Virtue signaling has become the new gold standard. Rather than flex the size of my bank account or metaphorical penis, my worth is now determined by how many peace signs and flags I place on my lawn or social media account. The more performative my compassion, the more effective my ability to moral grandstand and thus the more I matter.

When did caring become a contest? When did the need to have an opinion about everything and let everyone know what that opinion is become cool?  Even the uninformed brazenly speak about issues they know only a fraction about as a way to feel like they fit in. Our primal nature is the longing for acceptance. No one wants to be cast out of the tribe and left behind to fend for themselves. Perhaps this is why it has become an automatic reflex for people to feel the need to fill the air with their words and opinions. We’ve traded the quiet dignity of our own uncertainty or certainty for the noise of belonging. Performance dressed up as conviction. Whether we believe it or not.

Several decades ago, a friend of mine passed away. She died in a terrorist bombing. When it came time for her funeral and memorial, I noticed people jockeying for the limelight. It was almost as if their actions were screaming, “No I knew her the best. She was my friend.” It was hard to digest what I was witnessing. The idea that anyone would make someone’s death about them was not something I had encountered yet here I was watching it unravel in real time. Performative compassion had now become a competitive sport. As if the grieving process was universal and the automatic assumption was that everyone grieved the same way. The attempt and unspoken pressure I felt to twist my grief into some sordid competition was a perverted manifestation never intended for this world. The performative compassion being thrust upon me along with the desire to show me and everyone else how to care and how much is enough, too much, or just the right amount, was never a lesson I was looking to be taught.

We have drifted away from our ability to be organically authentic while simultaneously yearning to connect. In its place we have adopted performative compassion in our attempt to show others how we wish we felt. Perhaps some of us embody the messages we broadcast on our channels, but I will ask you this: When you believe something so profoundly, why should it matter what anyone else but you thinks? When I meet someone and they feel compelled to tell me who they are and what they stand for in their first breath, I make a point to take a step back. Words are nice but I need action. Actions are the language I speak.

I have been to hell and back. I’ve walked with the devil and politely declined permanent residence. I have lost friends, my career, and my reputation. I even lost myself. When I was a little girl, my dad would hold my hand and turn to me and say “Just remember, when your chips are down, you will see who your real friends are”. I knew his words were of value. The same way he taught me not to trust strangers or stand too close to the end of the driveway. He was teaching me street smarts. Purposely making me aware of the cruel nature of this world without bursting my imaginative bubble or ripping away my naivete. Little did I know the lesson about my chips being down would be an integral part of my destiny.
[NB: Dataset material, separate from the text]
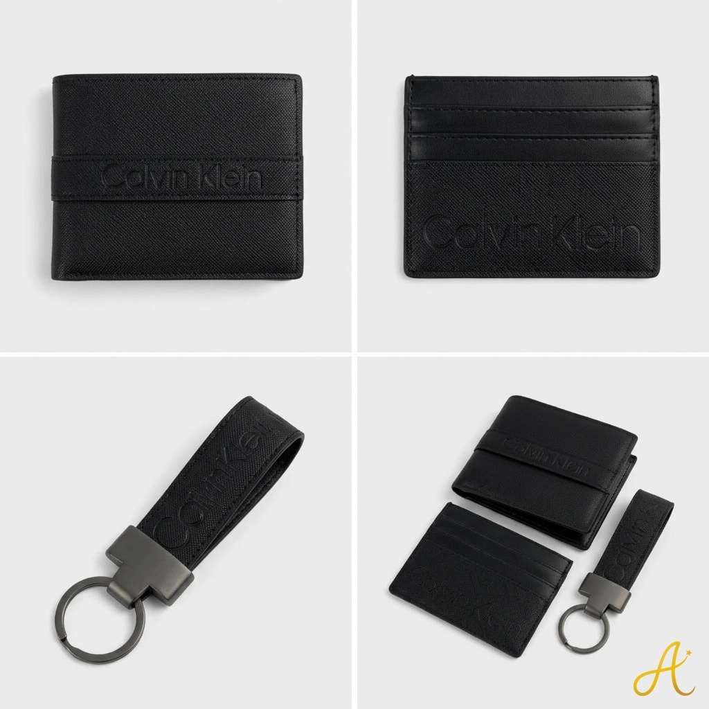 Get the authentic Calvin Klein men's 3-piece set. Features a black leather wallet, card holder, & keychain in a sleek gift box. Upgrade your accessories today!

When Humpty Dumpty (me) fell off the wall and the ground beneath me collapsed, it did not take long for me to see the friends I thought I had quickly run for cover.  It was like watching a mass exodus. Both comical and ironic. “Friends” so desperate to feast on my light, were now sprinting in the opposite direction for fear the bombs blowing up around me would negatively impact them. As if my own personal carnage was contagious and the shrapnel falling from the sky would somehow hit them instead of me, the intended target.

There was no performative compassion for my mental health crisis or the fact that society and the system had failed me. There was no asking how I was doing or if I was okay. There was no posting on social media or placing signs on their porches honoring a crisis they knew existed but didn’t want to acknowledge. It was easier than dealing with the mess or looking in the mirror. I did not blame them for this but recognized the distinction between those who had the courage to approach me directly versus those who treated my isolation like someone who had been infected with some unique undiagnosable highly transmissible disease. What most people don’t understand, they fear. Mental health is not a crisis that receives compassion let alone performative compassion. The paradox is humorous if it were not so sad.

This performative compassion and posturing we have embraced and incorporated into our daily lives is the opposite of authentic. It is a way of making us feel better when our insides are screaming and our minds are spinning from a society so dysfunctional that we feel like we must state the obvious and our nervous systems are demanding we do something. This posturing is that something.

When people think their loudness means they have the moral high ground on something never intended to be a competition, I am reminded of my grandfather who used to poke fun at people and say that the louder someone is, the more right they think they are. I suppose not much has changed.

When people feel powerless, they quickly look for ways in which they can regain that power. Performative compassion and assuming the moral high ground is just another mechanism for accomplishing this. The problem with this, however, is that because it is performative, it is inauthentic in its nature and intent. Real power stands on solid foundations, not ones we create to escape our current reality.

It is unfortunate that we feel like our silence or our small actions are nonexistent if they aren’t posted to receive likes or ample validation. I long to exist in a time when actions are genuine and compassion is not something we do for applause or acceptance, but because it is what’s in our heart. It does not need to be demonstrative or public. It just is and that is enough.